Aunque a nadie recientemente se le ha ocurrido un invento la mitad de útil que el retrete. Con sus líneas claras e interfaz intuitivo, el humilde retrete transformó las vidas de miles de millones de personas. Y no sólo fue una cuestión de higiene moderna que saltó desde las mentes de los genios de finales del siglo XIX y principios del siglo XX: ellos produjeron automóviles, aviones, el teléfono, la radio y antibióticos.

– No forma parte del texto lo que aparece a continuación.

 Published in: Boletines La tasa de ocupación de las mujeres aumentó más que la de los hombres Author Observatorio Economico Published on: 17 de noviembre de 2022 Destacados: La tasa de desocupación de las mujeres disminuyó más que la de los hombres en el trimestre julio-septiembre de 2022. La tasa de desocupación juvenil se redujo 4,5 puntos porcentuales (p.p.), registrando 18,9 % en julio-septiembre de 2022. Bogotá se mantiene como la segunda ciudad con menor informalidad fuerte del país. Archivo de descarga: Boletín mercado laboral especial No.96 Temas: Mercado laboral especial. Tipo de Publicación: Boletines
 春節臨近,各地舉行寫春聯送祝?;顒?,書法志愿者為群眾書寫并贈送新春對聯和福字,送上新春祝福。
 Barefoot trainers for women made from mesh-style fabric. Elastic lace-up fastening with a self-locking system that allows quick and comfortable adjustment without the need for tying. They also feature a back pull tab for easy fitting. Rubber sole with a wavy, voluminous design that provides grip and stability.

La ciencia moderna ha fracasado en fabricar algo que tenga el mismo impacto y, es por esta razón que existe una gran bandada de pensadores afirmando que el ritmo de las innovaciones ha disminuido. De forma interesante, los pesimistas no sólo incluyen a académicos como Robert Gordon, el economista estadounidense que le ofreciera al retrete una prueba de desinnovación, sino además incluyen a empresarios como Peter Thiel, un capitalista de riesgo detrás de la red social Facebook.
Si los pesimistas tienen razón, las implicaciones son enormes. Las economías pueden generar crecimiento al añadir más cosas: más trabajadores, inversiones y educación. Pero los aumentos sostenidos en la producción por persona, necesarios para elevar los salarios y el bienestar, implican utilizar las cosas que ya tenemos de una forma mejorada –en otras palabras, innovándolas. Si el ritmo al cual innovamos, y esparcimos esa innovación, disminuye, entonces además, con otras cosas que son iguales, lo hará nuestro ritmo de crecimiento.

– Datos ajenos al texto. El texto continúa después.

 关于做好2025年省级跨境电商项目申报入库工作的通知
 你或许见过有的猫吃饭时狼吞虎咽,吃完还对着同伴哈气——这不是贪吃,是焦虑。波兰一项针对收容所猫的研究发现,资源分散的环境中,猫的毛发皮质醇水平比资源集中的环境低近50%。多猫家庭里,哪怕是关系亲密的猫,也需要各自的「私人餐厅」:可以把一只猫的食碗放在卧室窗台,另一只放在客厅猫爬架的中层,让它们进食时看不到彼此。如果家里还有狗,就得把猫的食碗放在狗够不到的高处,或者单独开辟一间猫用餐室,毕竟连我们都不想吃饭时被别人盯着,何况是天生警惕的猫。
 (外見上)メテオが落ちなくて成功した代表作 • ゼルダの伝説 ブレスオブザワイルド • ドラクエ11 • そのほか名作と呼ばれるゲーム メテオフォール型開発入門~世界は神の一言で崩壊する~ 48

La contribución del progreso tecnológico de esta generación recae mayormente en las tecnologías de la información (mejor conocida por sus siglas TI). Más bien como la electrificación cambió todo al permitir que la energía fuera utilizada lejos de donde ésta es generada, las tecnologías de la computación y las comunicaciones transforman las vidas de las personas y las empresas al permitirles realizar cálculos y conexiones mucho más allá de su propia capacidad. Pero como sucede con la electricidad, las empresas tardarán en aprender cómo utilizarlas, así que probablemente pasarán décadas antes de que se sienta su impacto por completo.
El poder computacional ya está contribuyendo en avances dramáticos mucho más allá del campo de las TI. Las impresiones de tipo tridimensional pueden generar una nueva revolución industrial. Los vehículos autónomos, como los automóviles sin conductor producidos por Google, podrían llegar a ser comunes en las calles en el transcurso de una década. El desempeño de las prótesis humanas se está poniendo al día con rapidez con respecto al campo de las extremidades naturales.
Y aunque todavía es demasiado pronto para juzgar cuán importantes resultarán estas innovaciones, la globalización debería hacer de esto un período fructífero para la innovación. Muchos más cerebros se encuentran trabajando ahora que hace 100 años: los inventores estadounidenses y europeos se han unido a la carrera para producir cosas grandiosas con los japoneses, brasileros, hindúes y chinos. Así que existen buenas razones para pensar que los innovadores jugos del siglo XXI fluirán con rapidez.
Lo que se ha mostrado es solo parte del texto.